Kevin Van Den Wymelenberg
Kevin Van Den Wymelenberg wore many hats at the College of Design including the roles of Associate Dean of Research and Director of the School of Architecture & Environment while he was with the University of Oregon. He founded the Institute for Health in the Built Environment (IHBE) and directed the Biology and the Built Environment Center (BioBE Center) and the Energy Studies in Buildings Laboratory (ESBL) in Portland and Eugene and his work seeks to facilitate integration amongst a broad network of researchers and practitioners on issues concerning health, comfort, and sustainability in the human ecosystem in order to support human, community, and planetary health. He has secured over $15M in funded research on topics of energy and indoor environmental quality for organizations.

GZ “Charlie” Brown
FAIA, created the world-renowned, university-based architectural research labs, Energy Studies in Buildings Laboratory, over 40 years at the UO. Additionally, Brown helped found what is now the Society of Building Science Educators. In 1985, he provided the foundation for modern passive design principles with his book, Sun, Wind, and Light: Architectural Design Strategies.

Carla Bengtson
Carla Bengtson is an emeritus art professor who has lectured on environmental thought at international environmental philosophy conferences and biodiversity conservation conferences in the US, Canada, and South America.

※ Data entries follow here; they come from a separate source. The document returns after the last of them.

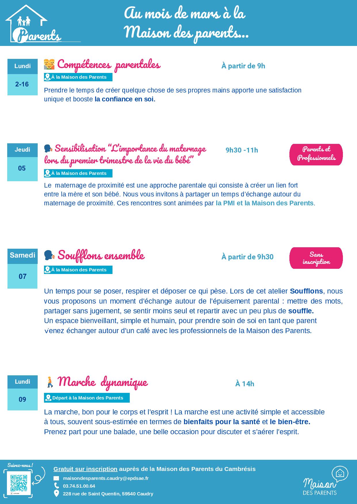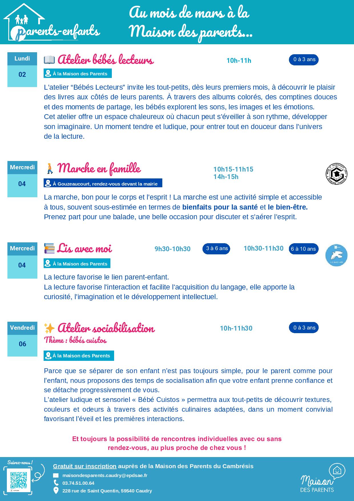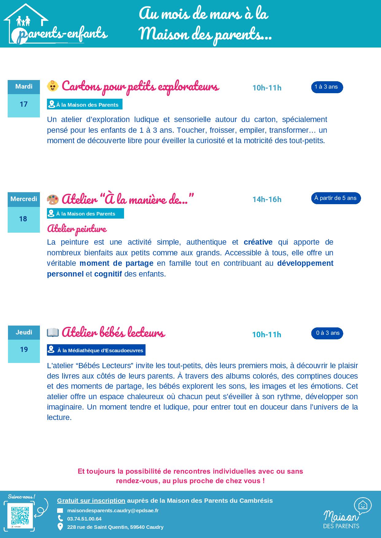 -Des ateliers Parents: pour prendre du temps pour vous, échanger avec d’autres parents autour d’une activité manuelle, d’un atelier cuisine, de séance bien-être…
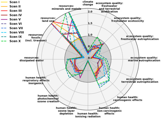 The full set of the 23 selected indicators is documented in Figure 2 below. It comprises 16 environmental indicators (in the sub-categories climate change, human health, ecosystem quality and resources) that have been compiled for the European environmental footprint version 2 [61]. However, the indicator for mineral and metals resources has been updated, according to [62]. In addition, six socio-economic indicators and one socio-technical “systemic” indicator were selected (see Supplementary Material for details).
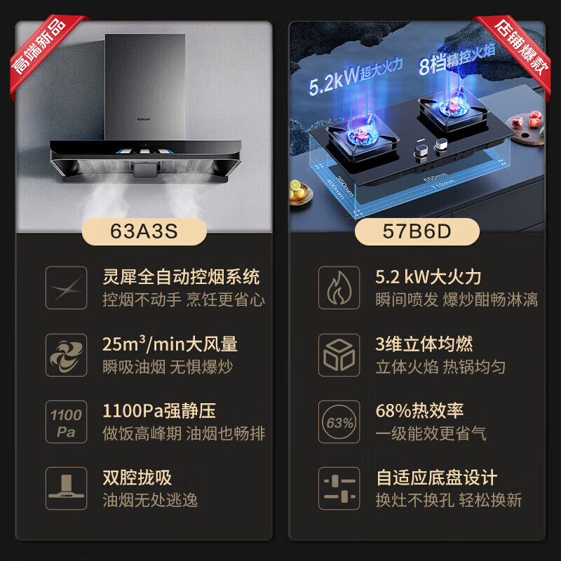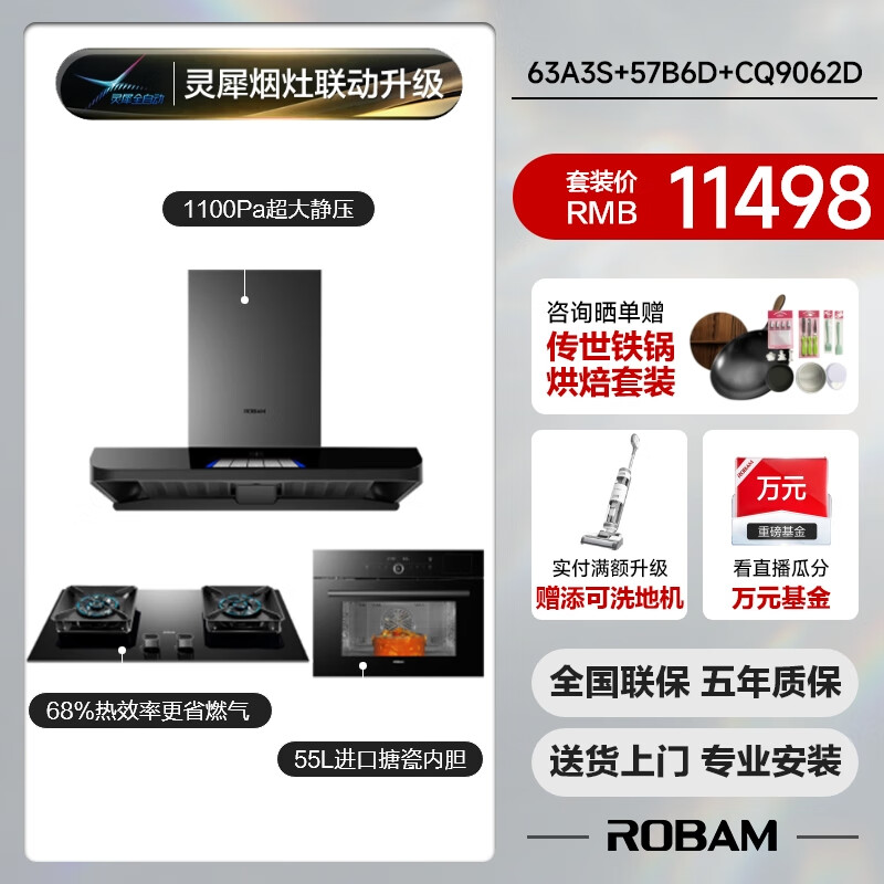 老板(Robam)灵犀全自动抽油烟机欧式顶吸双腔变频25风量家用吸油烟机套装蒸烤炖炸四合一63A3S+57B6D+CQ9062D价格:11498.00元!
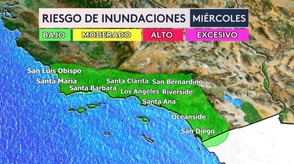 •También habrá un riesgo de inundaciones para el sur de California para ciudades como Los Angeles, San Diego, Santa Ana, Santa Barbara, Santa María y Santa Clarita
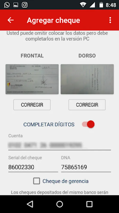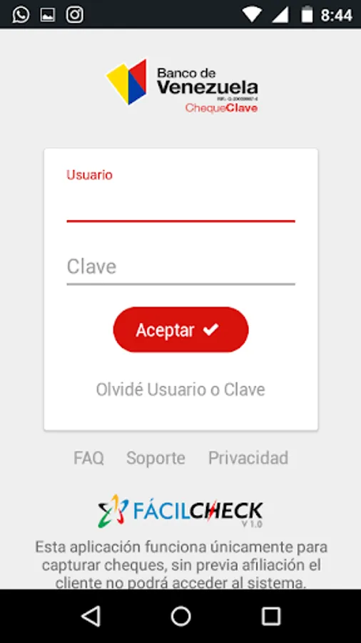 With Check key you can deposit checks conveniently and easily from your mobile device, with the guarantee that you will have those funds the same day, if it is from the BDV, and in 24 working hours if it is from another bank.

Her site-responsive projects, situated in wild, domestic, and liminal spaces, create possible/impossible situations in which to attempt interspecies communication. She has received numerous awards, including a Hallie Ford Foundation residency award, an Oregon Arts Commission grant, and an NEA Individual Grant for Artists. She has participated in multiple residencies, including Mass Moca, Djerassi, Ucross, a Signal Fire Outpost residency at the US/Mexico border, and thirteen residencies at the Tiputini Biodiversity Research Station in the Ecuadorian Amazon.

John Reynolds
FAIA, established the Reynolds Symposium and co-authored four editions of Mechanical and Electrical Equipment for Buildings, now the most widely used text on the design of environmental control systems for buildings that is used in many schools of architecture and for the architecture licensing exam.

Mitch Joachim
One of the primary instructors at the inaugural Bruton Design Intensive, a weeklong summer course where students were tasked with designing a new building façade system that could be home to Oregon’s endangered indigenous bumblebees Mitch is the Co-Founder of Terreform ONE and Associate Professor of Practice at NYU. Mitchell upholds noteworthy leadership roles as a University Senator and Co-Chair of Global Design NYU. He has won many awards including Fulbright Scholarship, LafargeHolcim Acknowledgement Prize, Ove Arup Foundation Grant, and many more! He is a TED Senior Fellow and has been awarded fellowships with Safdie Architects, and the Martin Society for Sustainability at MIT.